Video by Arashi
- Released: April 16, 2008
- Recorded: October 8, 2007
- Genre: Pop, rock, hip hop
- Label: J Storm

Arashi chronology
| Arashi Around Asia + in Dome (2007) | Summer Tour 2007 Final Time: Kotoba no Chikara (2008) | Arashi Around Asia 2008 in Tokyo (2009) |

= Summer Tour 2007 Final Time – Kotoba no Chikara =

Summer Tour 2007 Final Time: Kotoba no Chikara (Summer Tour 2007 Final Time -コトバノチカラ-, Summer Tour 2007 Final Time: The Power of Words) is a DVD release of Japanese boy band Arashi. It was released on April 16, 2008 by their record label J Storm. Summer Tour 2007 Final Time: Kotoba no Chikara documented Arashi's summer concert at Tokyo Dome in correspondence with their Time album.

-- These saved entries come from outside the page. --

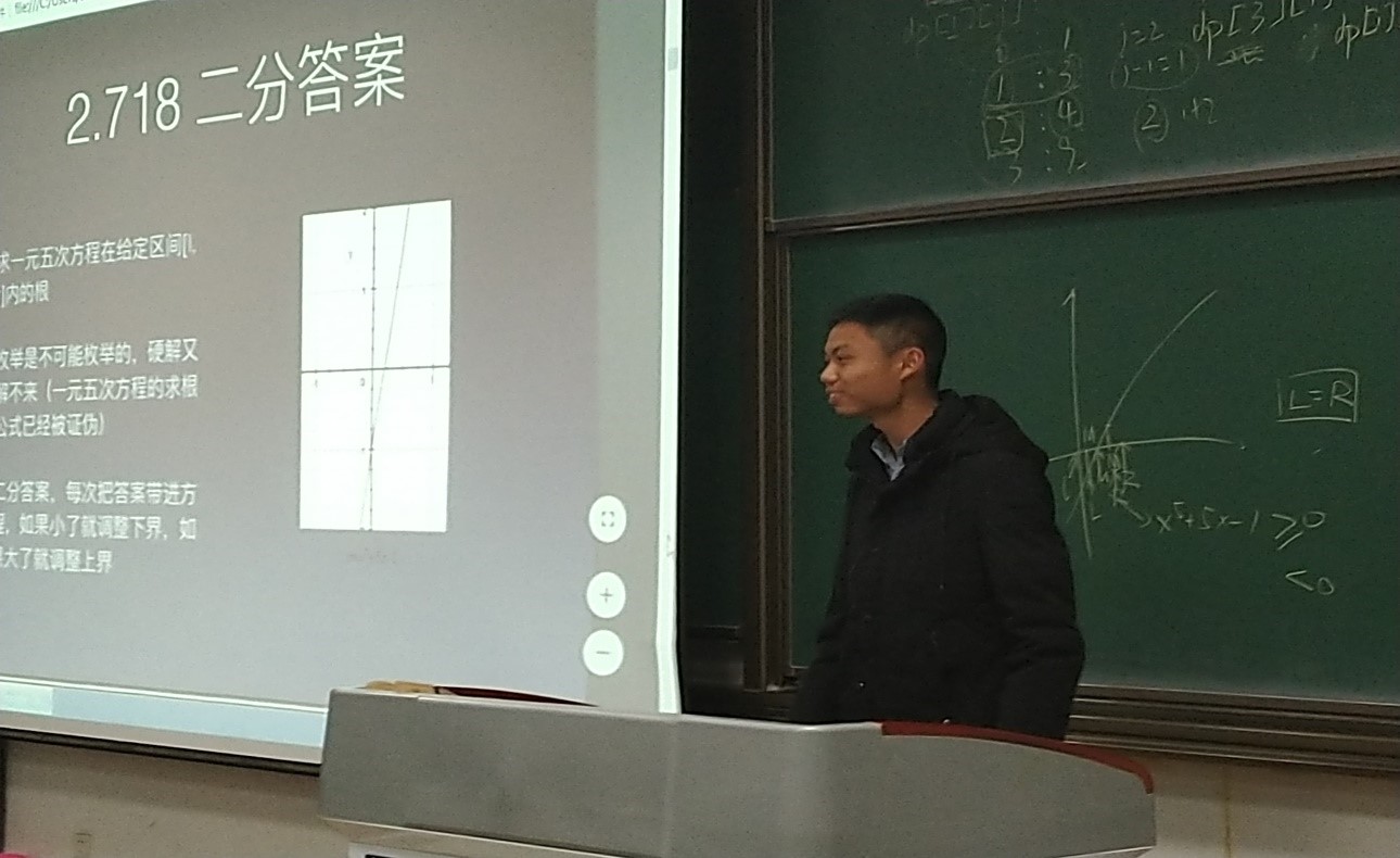 接下来是来自微电子四班的王烁宇同学为大家讲解。王烁宇同学主要从编程工具、如何高效AC,学习编程的良好要素和若干题目类型这几个方面来介绍自己的学习经验。王烁宇同学的报告由浅入深,一步一步带着同学们探索编程世界的奥秘。例如一个求一元五次方程的题目,通过由区间到枚举到二分答案的步步深入,加深了同学们对二分法的理解,让同学们受益匪浅。向量的叉乘、贪心法策略……同学们越听越有兴趣,不断地汲取着新的知识。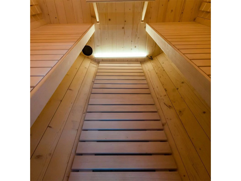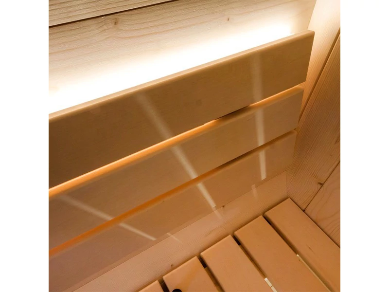 - A szauna kellemes hangulatáról melegfehér LED szalag gondoskodik (760mm, dimmerelhető, opcionálisan kérhető RGB színváltós táviányító is)
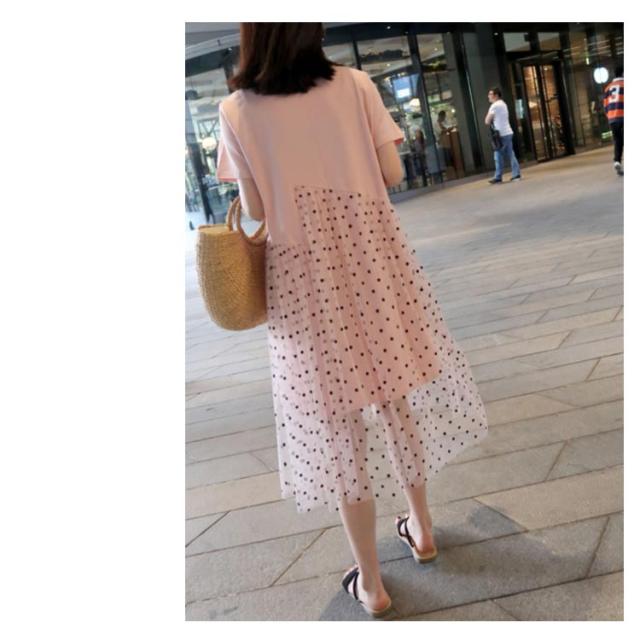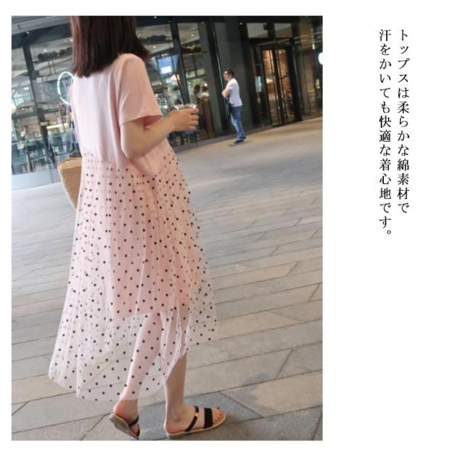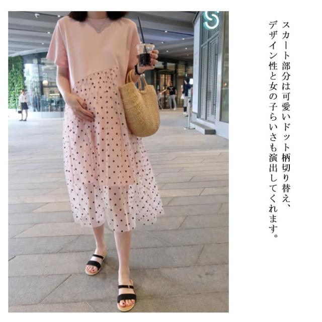 マタニティワンピース ワンピース マタニティ Tシャツワンピース 半袖 夏ワンピース 妊娠用 マタニティ服 切り替え ドット ミディ丈 おしゃれ 可愛い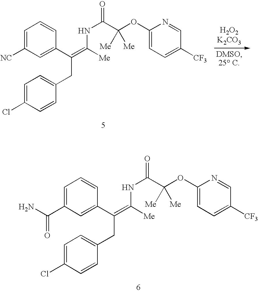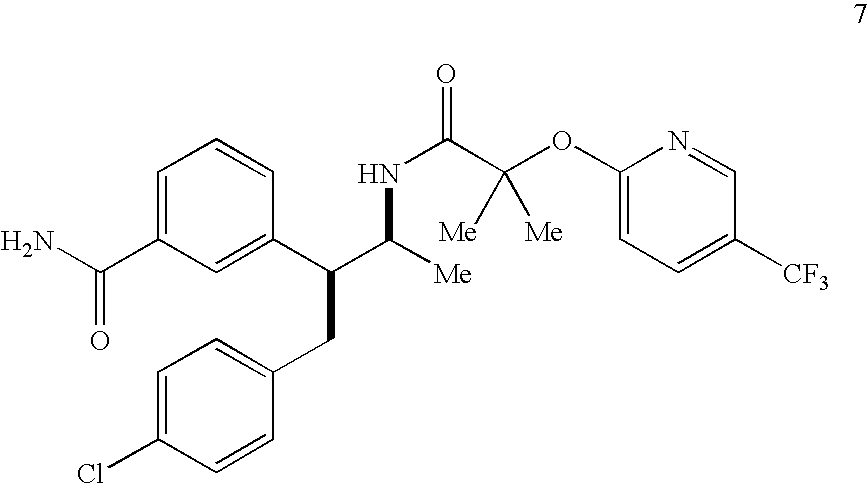 - FXWCNXJNMIITKT-VXNWTZIESA-N C/C(NC(=O)C(C)(C)OC1=CC=C(C(F)(F)F)C=N1)=C(\CC1=CC=C(Cl)C=C1)C1=CC(C(N)=O)=CC=C1.CC.C[C@H](NC(=O)C(C)(C)OC1=CC=C(C(F)(F)F)C=N1)[C@@H](CC1=CC=C(Cl)C=C1)C1=CC(C(N)=O)=CC=C1 Chemical compound C/C(NC(=O)C(C)(C)OC1=CC=C(C(F)(F)F)C=N1)=C(\CC1=CC=C(Cl)C=C1)C1=CC(C(N)=O)=CC=C1.CC.C[C@H](NC(=O)C(C)(C)OC1=CC=C(C(F)(F)F)C=N1)[C@@H](CC1=CC=C(Cl)C=C1)C1=CC(C(N)=O)=CC=C1 FXWCNXJNMIITKT-VXNWTZIESA-N 0.000 description 1

==History and highlights==
The DVD was recorded at their Tokyo Dome concert on October 8, 2007. Footages of Arashi's "Fight Song" performance while bungee jumping for their concert at Yokohama Arena (July 13, 2007) were also included in Disc 2.

==Contents==

===Disc 1===
1. "Overture"
2. "Everybody Zenshin" (Everybody前進)
3. "Di-Li-Li"
4. "Kitto Daijoubu"
5. "Oh Yeah!"
6. "Friendship" (Masaki Aiba solo)
7. "Can't Let You Go" (Sho Sakurai solo)
8. "Jidai"
9. "Yes? No?"
10. "Carnival Night Part 2"
11. "Niji" (虹) (Kazunari Ninomiya solo)
12. "Taiyō no Sekai" (太陽の世界)
13. "Wave"
14. "Love Situation"
15. "A Day in Our Life"
16. "Hadashi no Mirai"
17. "Hero"
18. "Yabai-Yabai-Yabai" (Jun Matsumoto solo)
19. "Song For Me" (Satoshi Ohno solo)
20. "Cry For You"
21. "Kotoba Yori Taisetsu na Mono"
22. "Kansha Kangeki Ame Arashi"
23. "Kimi no Tame ni Boku ga Iru"
24. "Pikanchi Double"
25. "Arashi"
26. "Sakura Sake"
27. "Be With You"
28. "Happiness"

===Disc 2===
1. Encore 1: "We Can Make It!", "Fight Song" (ファイトソング), "Wish", "Love So Sweet"
2. Encore 2: "Future", "Rock You"
3. Encore 3: "Na! Na! Na!!", "Kansha Kangeki Ame Arashi"
4. MC (featuring Hey! Say! JUMP), Ura Arashi song: "Kaze" (風, Wind)
5. Special Feature: "Fight Song" at Yokohama Arena on July 31, 2007

==Charts and certifications==

===Charts===

| Chart (2008) | Peak position |
|---|---|
| Japan Oricon Weekly Music DVD Chart | 1 |
| Japan Oricon Yearly Music DVD Chart | 2 |
| Japan Oricon Yearly General DVD Chart | 6 |

===Sales and certifications===

| Country | Provider | Sales | Certification |
|---|---|---|---|
| Japan | RIAJ | 243,913 | Platinum |

==Awards==
- The DVD was listed as one of the Music Videos Of The Year for the 23rd Japan Gold Disc Awards.